Tech Firm Ubiquiti Suffers $46M Cyberheist

August 7, 2015

Networking firm Ubiquiti Networks Inc. disclosed this week that cyber thieves recently stole $46.7 million using an increasingly common scam in which crooks spoof communications from executives at the victim firm in a bid to initiate unauthorized international wire transfers.

athookUbiquiti, a San Jose based maker of networking technology for service providers and enterprises, disclosed the attack in a quarterly financial report filed this week with the U.S. Securities and Exchange Commission (SEC). The company said it discovered the fraud on June 5, 2015, and that the incident involved employee impersonation and fraudulent requests from an outside entity targeting the company’s finance department.

“This fraud resulted in transfers of funds aggregating $46.7 million held by a Company subsidiary incorporated in Hong Kong to other overseas accounts held by third parties,” Ubiquiti wrote. “As soon as the Company became aware of this fraudulent activity it initiated contact with its Hong Kong subsidiary’s bank and promptly initiated legal proceedings in various foreign jurisdictions. As a result of these efforts, the Company has recovered $8.1 million of the amounts transferred.”

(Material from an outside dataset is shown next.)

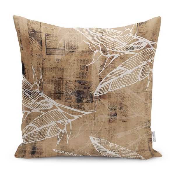 RealHomes Kahverengi Zeminde Retro Motifli Yaprak Desenli Dijital Baskılı Yastık Kırlent Kılıfı

Known variously as “CEO fraud,” and the “business email compromise,” the swindle that hit Ubiquiti is a sophisticated and increasingly common one targeting businesses working with foreign suppliers and/or businesses that regularly perform wire transfer payments.  In January 2015, the FBI warned that cyber thieves stole nearly $215 million from businesses in the previous 14 months through such scams, which start when crooks spoof or hijack the email accounts of business executives or employees.

In February, con artists made off with $17.2 million from one of Omaha, Nebraska’s oldest companies —  The Scoular Co., an employee-owned commodities trader. According to Omaha.com, an executive with the 800-employee company wired the money in installments last summer to a bank in China after receiving emails ordering him to do so.

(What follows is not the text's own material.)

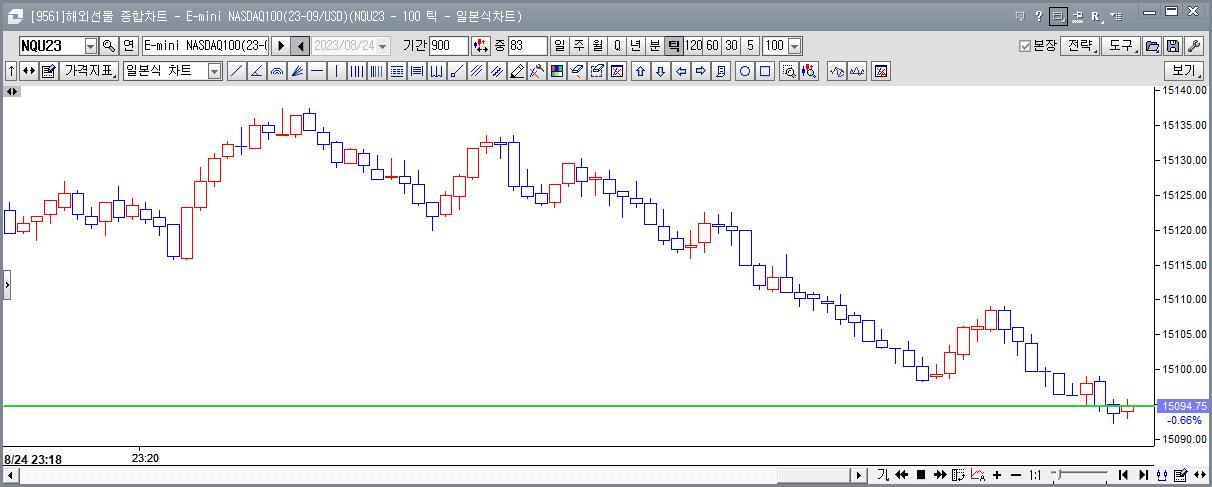 차트창 속성에 현재가를 수평선으로 표시하는 기능이 있습니다.

In March 2015, I posted the story Spoofing the Boss Turns Thieves a Tidy Profit, which recounted the nightmarish experience of an Ohio manufacturing firm that came within a whisker of losing $315,000 after an employee received an email she thought was from her boss asking her to wire the money to China to pay for some raw materials.

Ubiquiti didn’t disclose precisely how it was scammed, but CEO fraud usually begins with the thieves either phishing an executive and gaining access to that individual’s inbox, or emailing employees from a look-alike domain name that is one or two letters off from the target company’s true domain name. For example, if the target company’s domain was “example.com” the thieves might register “examp1e.com” (substituting the letter “L” for the numeral 1) or “example.co,” and send messages from that domain.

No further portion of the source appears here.